Sur l’aire de repos, il n’est pas à son aise et semble attiré par les chevaux voisins.
Il s'alimente peu, ne boit pas.
Cette seconde partie Li Korum évolue au sein d’un petit peloton de sept francophones (j’accompagne six Français) qui galopent à 18 km/h. Juste ce qu’il me faut. Sont là Barbara Lissarague, Virginie Atger et d’autres bons couples. Le cheval est à l'aise.
Mais au contrôle, il prend à nouveau trop de marge. Six minutes ! En repartant, nous sommes contraints de forcer sept kilomètres à vive allure pour rejoindre les Français. Il vaut mieux, car derrière, il y a un trou énorme, puis des cavaliers anglais qui trottent autour de 15 km/h.
Il en sera ainsi à toutes les boucles : retard au passage du in, cavalcade de 3 à 6 km et retour parmi les Français.
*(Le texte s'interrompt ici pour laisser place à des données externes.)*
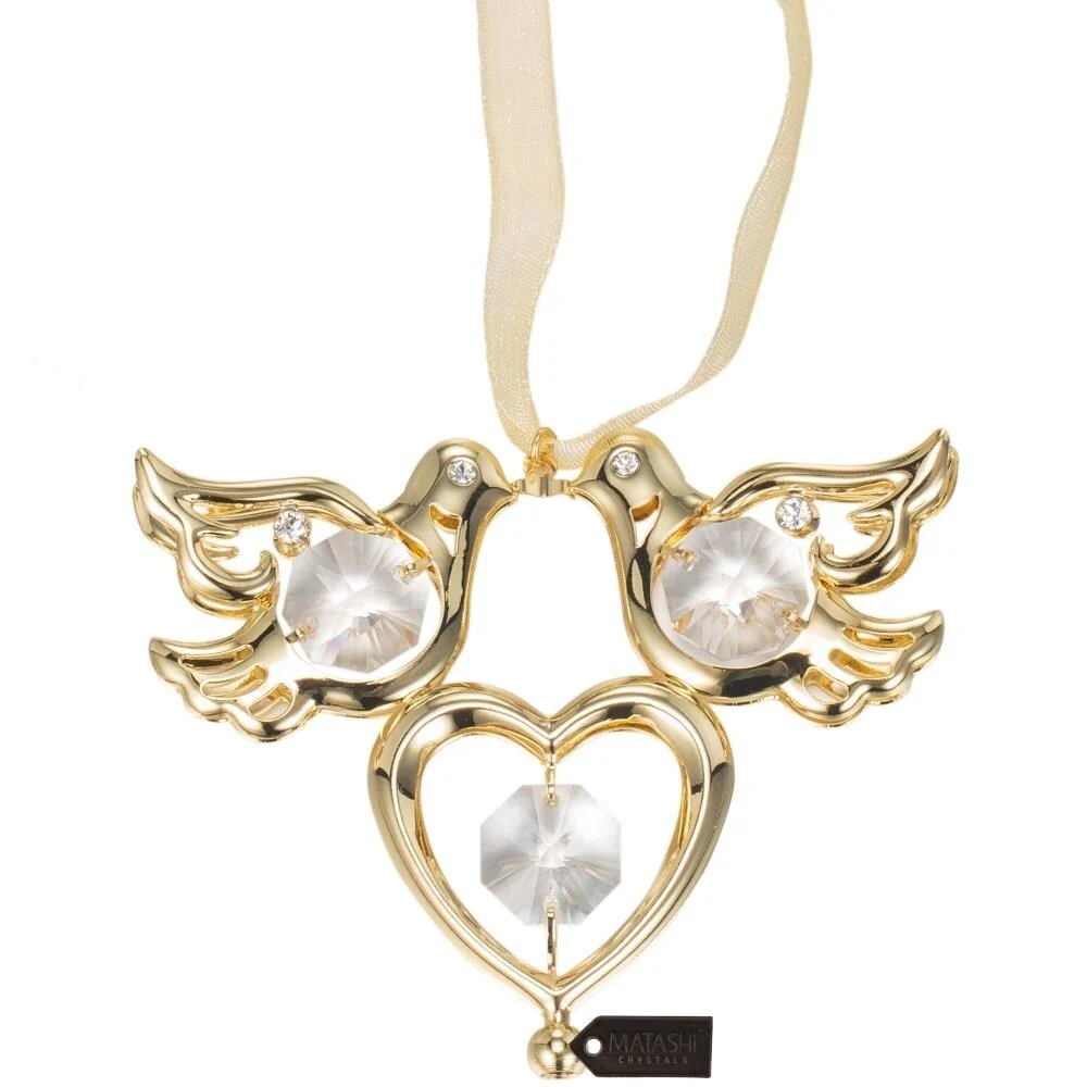 Matashi 24K Gold Plated Love Birds Ornament with Genuine Matashi Crystals

A chaque fois LI Korum bien en jambe comble l’écart. Entretemps les examens devant les vétos sont sans anicroche et il boit tout en mangeant un peu. A trois reprises, je croise le train des leaders. Une quinzaine de flèches du désert déboulent à près de 25 km/h dans un nuage de poussière. Très impressionnant ! J’ai nettement la vision d’une discipline à deux vitesses. Les sportifs du golfe (ou leurs chevaux) et puis les autres… La première Française, Lisa Riou, terminera à une heure du vainqueur, Cheik Mohammed. Pourtant elle achèvera la course à 19.52 !
Pour mes deux compatriotes, c’est une mauvaise journée. Dirk Bliek se voit empêché dés la fin de la boucle initiale, une suspicion de boiterie qu’il n’admet pas. Quant à Nelly Philippot, malgré son formidable dynamisme, elle est recalée devant la porte du km 120.
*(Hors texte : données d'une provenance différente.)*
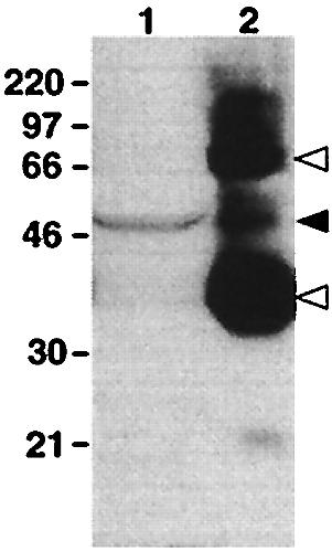 Figure 1 Western blot of protein extracts from dermal melanophores and whole eye probed with an antiserum raised against bovine rhodopsin. Indicated molecular masses are in kDa. Lanes: 1, total protein from cultured melanophores; 2, 1% of total protein from a whole early postmetamorphic adult eye. A 50-kDa immunoreactive band is present in both lanes (solid arrowhead). The 35- and 70-kDa bands in lane 2 are monomeric and dimeric rhodopsin, respectively (open arrowheads).

Unique point noir, je ne m’explique pas ces longues attentes devant le in.
Pour relancer sur l’ultime section de 20 km, il faut une fois de plus boucher un trou de 3 minutes. Devant moi le groupe a fondu, ils ne forment plus qu’un trio. Après 5 km, Ali me signale que l’écart est toujours de 3’. Li Korum, tout seul avance encore, mais je sens que ses membres deviennent lourds. Il reste 13 km. Quelqu’un me dit que l’intervalle vient de franchir les cinq minutes. Ils accélèrent devant. Cette fois, je ne reviendrais pas ! Nous levons le pied.
Je dois m’employer pour finir au galop. Mais mon cheval est courageux et en solitaire, il conclut l’épreuve par 20 derniers km à du 16.97, pour une moyenne générale de 17.63 en battant le record de notre écurie. Challenge ok et 19e rang! Et après une 160 réussie, une douce impression d’accomplissement, presque de l’euphorie. La confirmation de jouir d’un vrai bon performeur augmente notre bonheur, car, évidemment, nous sommes une équipe.
A l’assistance d’Ali, parfaite comme toujours, s’ajoutent Julie Kinna et son compagnon Grégory qui ont été d’une grande efficacité. Sophie Demanez a contribué aux séances de préparation. Un immense merci à eux quatre !
Les jeux mondiaux auront lieu pour l’endurance, le 26 septembre. L’entraineur national avait le choix entre six couples qualifiés pour quatre places, dont nous, suite à cette course d’Euston Park. Le jeudi 29 juillet, Pierre Arnould a communiqué sa sélection. Nous sommes réservistes !
Nous n’irons au Kentucky pour le Championnat du Monde que si un remplacement s’avère nécessaire. A moins que la fédération ne décide d’ajouter un cinquième, comme le règlement le permet. C’est le vœu de la commission nationale d’endurance.